Historical population
| Census | Pop. | Note | %± |
| 1910 | 334 |  | — |
| 1920 | 244 |  | −26.9% |
| 1930 | 212 |  | −13.1% |
| 1940 | 254 |  | 19.8% |
| 1950 | 220 |  | −13.4% |
| 1960 | 228 |  | 3.6% |
| 1970 | 133 |  | −41.7% |
| 1980 | 181 |  | 36.1% |
| 1990 | 161 |  | −11.0% |
| 2000 | 147 |  | −8.7% |
| 2010 | 156 |  | 6.1% |
| 2020 | 165 |  | 5.8% |
U.S. Decennial Census

===2020 census===

As of the 2020 census, Richland had a population of 165. The median age was 64.5 years. 17.6% of residents were under the age of 18 and 49.7% of residents were 65 years of age or older. For every 100 females there were 98.8 males, and for every 100 females age 18 and over there were 83.8 males age 18 and over.

0% of residents lived in urban areas, while 100.0% lived in rural areas.

There were 83 households in Richland, of which 22.9% had children under the age of 18 living in them. Of all households, 32.5% were married-couple households, 21.7% were households with a male householder and no spouse or partner present, and 36.1% were households with a female householder and no spouse or partner present. About 37.4% of all households were made up of individuals and 21.7% had someone living alone who was 65 years of age or older.

There were 119 housing units, of which 30.3% were vacant. Among occupied housing units, 73.5% were owner-occupied and 26.5% were renter-occupied. The homeowner vacancy rate was 4.5% and the rental vacancy rate was 21.4%.

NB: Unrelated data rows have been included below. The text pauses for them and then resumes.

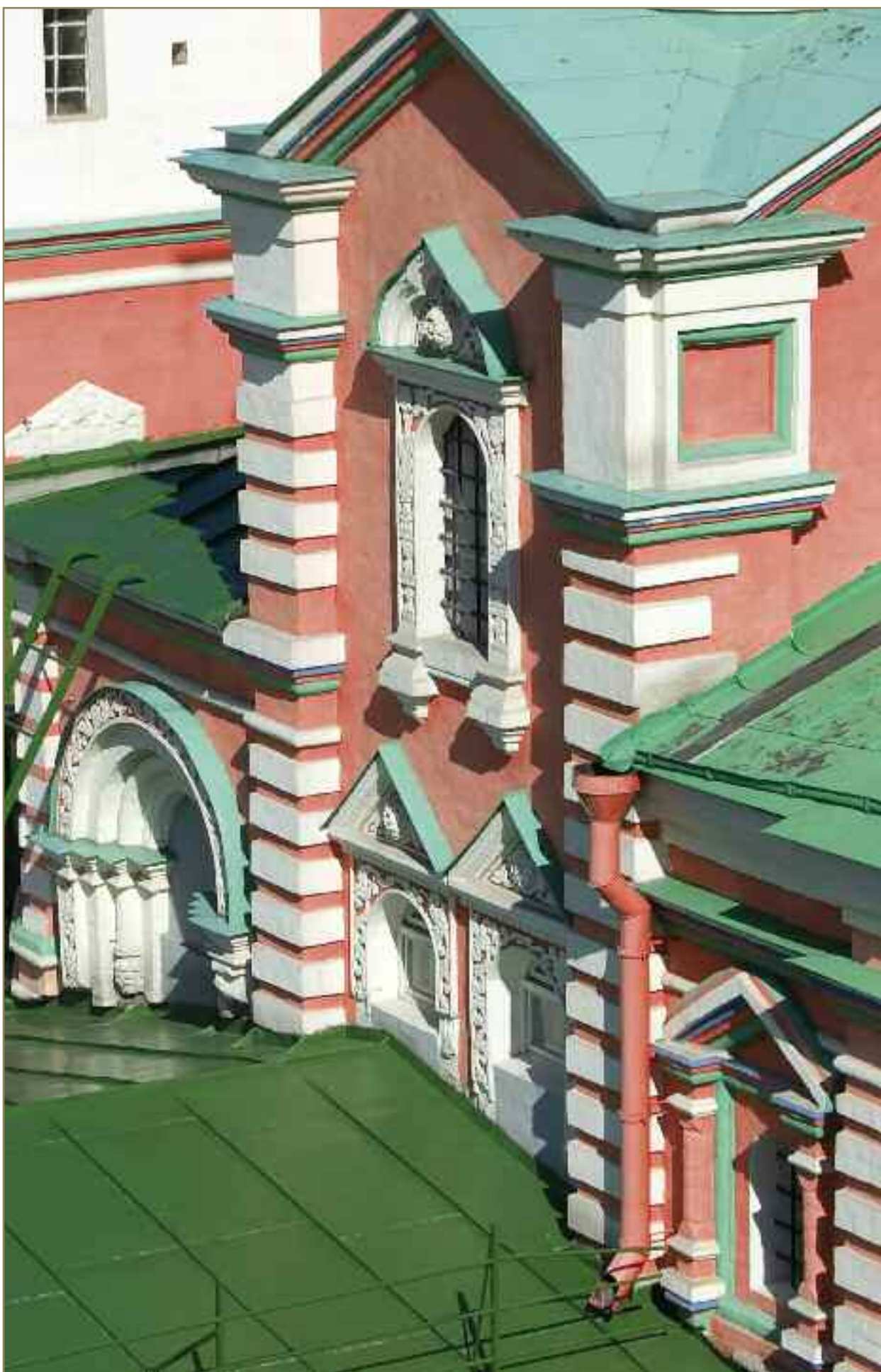
На предыдущем развороте: Церковь Похвалы Пресвятой Богородице и Потешный дворец Южный фасад Церкви Похвалы Пресвятой Богородице. Фрагмент
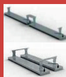
Pièce de jonction de deux HOT TOP en ligne
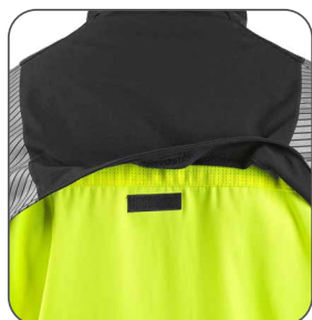
ventilace na zádech ventilácia na zadnej strane back side - ventilation wentylacja z tyłu
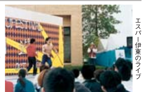
エスパー伊東のライブ

第十七回杏樹祭は、「創造」をテーマに開催。このテーマはこれまでの習慣や他大学の情報によらず、香川校から新しい文化や情報を発信していくという願いがある。今の我が国に求められるのは、発想の転換であり、独創的な発想であるが、杏樹祭を契機に若々しい発想をもって期待に応えようとした。 屋内では文化部や同好会による日頃の研究や作品発表。屋外特設ステージでは、歌やダンス、軽音楽等が観衆を沸かせた。また、地域連携による源内太鼓やエアロビクスが地域の有志により熱演された。メインストリートには呼び込みの声も高く模擬店が並び、客足の絶える間もなく繁盛した。 さらにメインイベントとして、テレビの人気タレントのエスパー伊東のお笑いライブにスタージェシカが観衆が一体となり大ブレイク。テレビアニメ声優のアイドル野川さくらトークとライブ。はるばる埼玉県や静岡県から彼女を追ってきたファンもいた。 地域の皆様、各サークル等の多くの協力によりすば
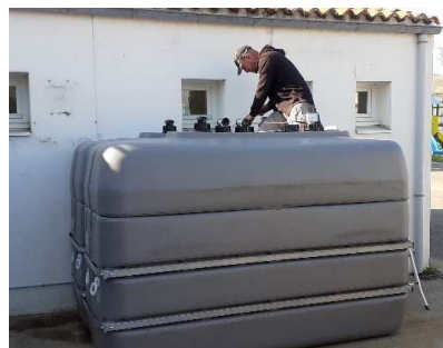
Pose des cuves et raccordement

Racial composition as of the 2020 census
| Race | Number | Percent |
|---|---|---|
| White | 152 | 92.1% |
| Black or African American | 0 | 0% |
| American Indian and Alaska Native | 0 | 0% |
| Asian | 0 | 0% |
| Native Hawaiian and Other Pacific Islander | 2 | 1.2% |
| Some other race | 0 | 0% |
| Two or more races | 11 | 6.7% |
| Hispanic or Latino (of any race) | 2 | 1.2% |

===2010 census===
As of the census of 2010, there were 156 people, 93 households, and 46 families living in the city. The population density was 1950.0 PD/sqmi. There were 116 housing units at an average density of 1450.0 /sqmi. The racial makeup of the city was 94.9% White, 1.3% African American, 1.3% Native American, and 2.6% from two or more races. No people from Richland reported as Asian or Hispanic or Latino of any race.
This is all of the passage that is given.